# Gozenbaby



## Deleted User (Mar 7, 2015)

is gozenbaby.com safe and real or some fake crap thanks!


----------



## bedbug1226 (Mar 8, 2015)

It looks oddly like http://www.dx.com/ which used to sell stuff like that.


----------



## omgcat (Mar 8, 2015)

i got my qq3ds from gozen. and my sky3ds from modchipcentral


----------



## Deleted User (Mar 9, 2015)

is gozen good how did it ship was it fast as expected and trustworthy? im ordering it now!!!!


----------



## The Real Jdbye (Mar 9, 2015)

bedbug1226 said:


> It looks oddly like http://www.dx.com/ which used to sell stuff like that.

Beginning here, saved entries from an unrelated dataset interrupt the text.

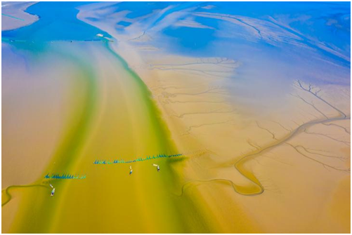 位于江苏盐城的条子泥湿地,拥有广阔的辐射沙脊群和潮间带湿地,是候鸟迁徙的补给站,每年约有数百万只候鸟途经此地。
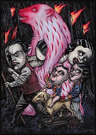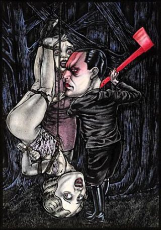 Antoine Bernhart peint des scènes de crimes sexuels transposés dans un théâtre de la cruauté. S’y actent des visions obscènes et sadiques. Métamorphosées en corps machines, les victimes comme les bourreaux s’y définissent comme les principes dynamiques d’expérimentations masturbatoires. La scène esthétique est très fréquemment celle de la forêt: le sanctuaire de la déesse nature, abritant des animaux féroces et recelant des puissances magiques. Forêt dense, sombre où peut se conter la fulgurance du désir dans l’exacerbation de la peur. Le panthéisme renouvelé d’Antoine Bernhart s’alimente d’une libido inassouvie dont la force procède de la négation même du fantasme en son acception usuelle.
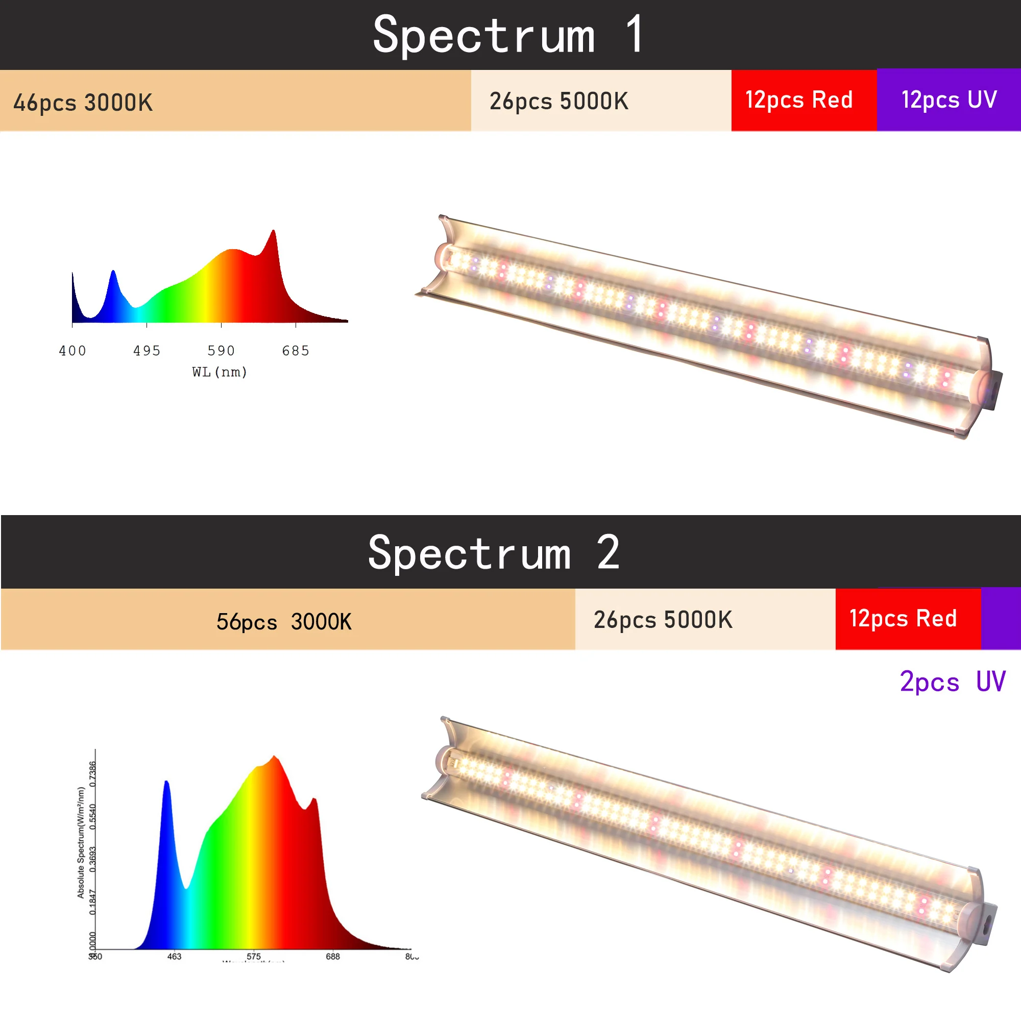【Дополнительно полный спектр 】 (спектр 1)- 46 шт. 3000K светодиодный, 26 шт. 5000K светодиодный, смешанный 12 шт. красный (660нм) и 12 шт. УФ (395нм) которые создают полный спектр и охватывают весь процесс роста растений от прорастания до цветения и плодоношения. (Спектр 2) - 56 шт. 3000 К + 26 шт. 5000 К + 1 2 шт. красный + 2 шт. УФ
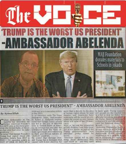 Donald Trump ha sido el peor presidente de la historia de EE.UU., titula este jueves el diario The Voice a la primera parte de una extensa entrevista concedida a ese medio gambiano por el embajador de Cuba en esta nación del occidente africano, Rubén García Abelenda.
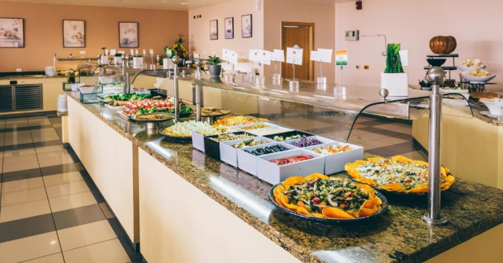 Pentru micul dejun si cină sunt oferite bufete variate, precum și bucătărie deschisă. La snack barul de langă piscină sunt servite masa de pranz, băuturi si gustări. Barul cu pian oferă băuturi si spectacole de mai multe ori pe săptămană.
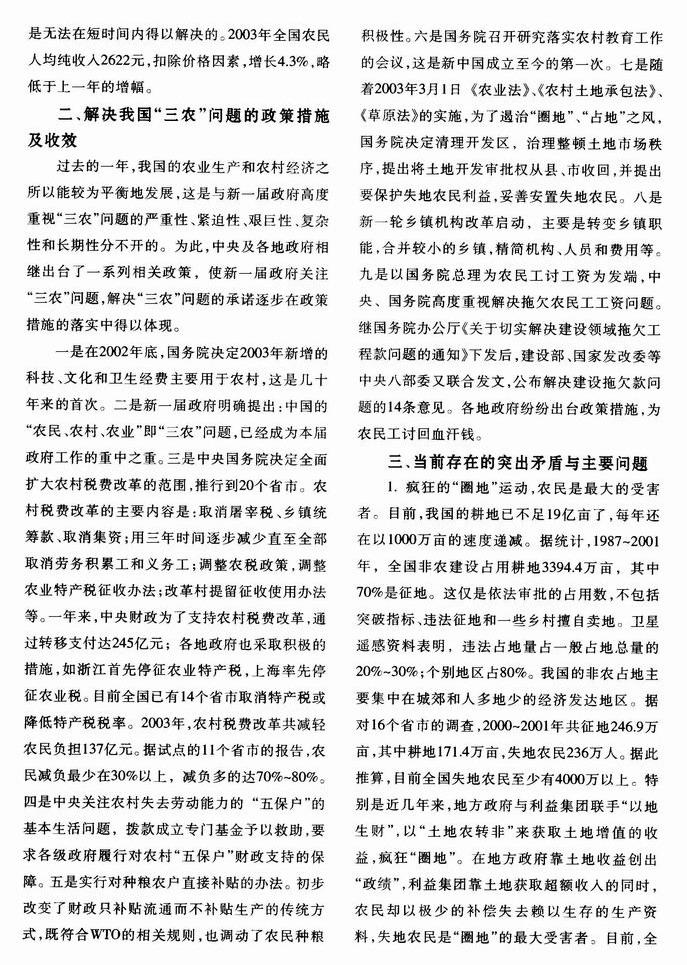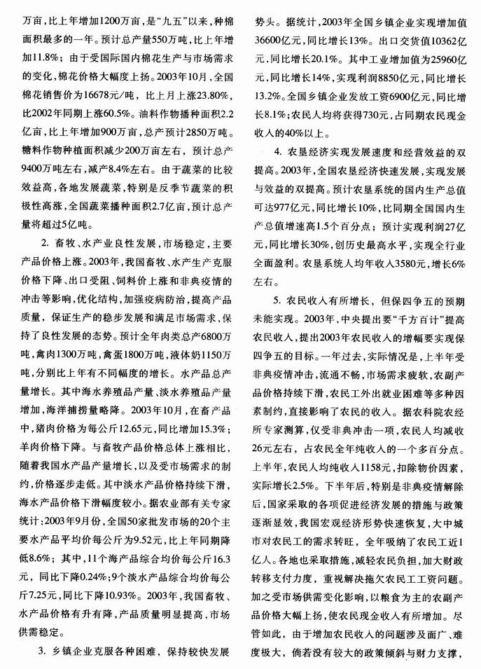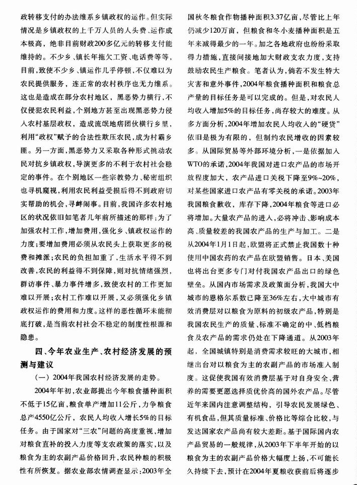 我国农村经济发展的走势及对城乡统筹解决“三农”问题的建议

Yeah, it's gotta be the same owners. But on the front page Focalprice is mentioned, which IIRC is a competitor to DX that was started by previous DX staff after they had some disagreements causing some of the staff to leave. But that was long before DX got the new layout, so I'm thinking maybe some of the Focalprice and DX staff got back together and started this new site. It's all speculation and I might be completely wrong but I guess they are legit at least.


----------



## Deleted User (Mar 9, 2015)

i just want a really firm answer but they probably are legit because its from shop temp


----------



## Deleted User (Mar 9, 2015)

any1


----------



## 2Hack (Mar 9, 2015)

It's legit bro. Stop being so paranoid.


----------



## flarn2006 (Mar 9, 2015)

I personally ordered from that site and can guarantee you it's legitimate.


----------



## Madao64 (Mar 9, 2015)

Jaredthemann7 said:


> is gozenbaby.com safe and real or some fake crap thanks!


It's legit, but...... the dudes behind the website will not respond to emails, and you'll have to wait about a week or 2 b4 the given tracking code works. Yeah, I DID get my GW about 15 days after I ordered it.


----------



## Deleted User (Mar 9, 2015)

...


----------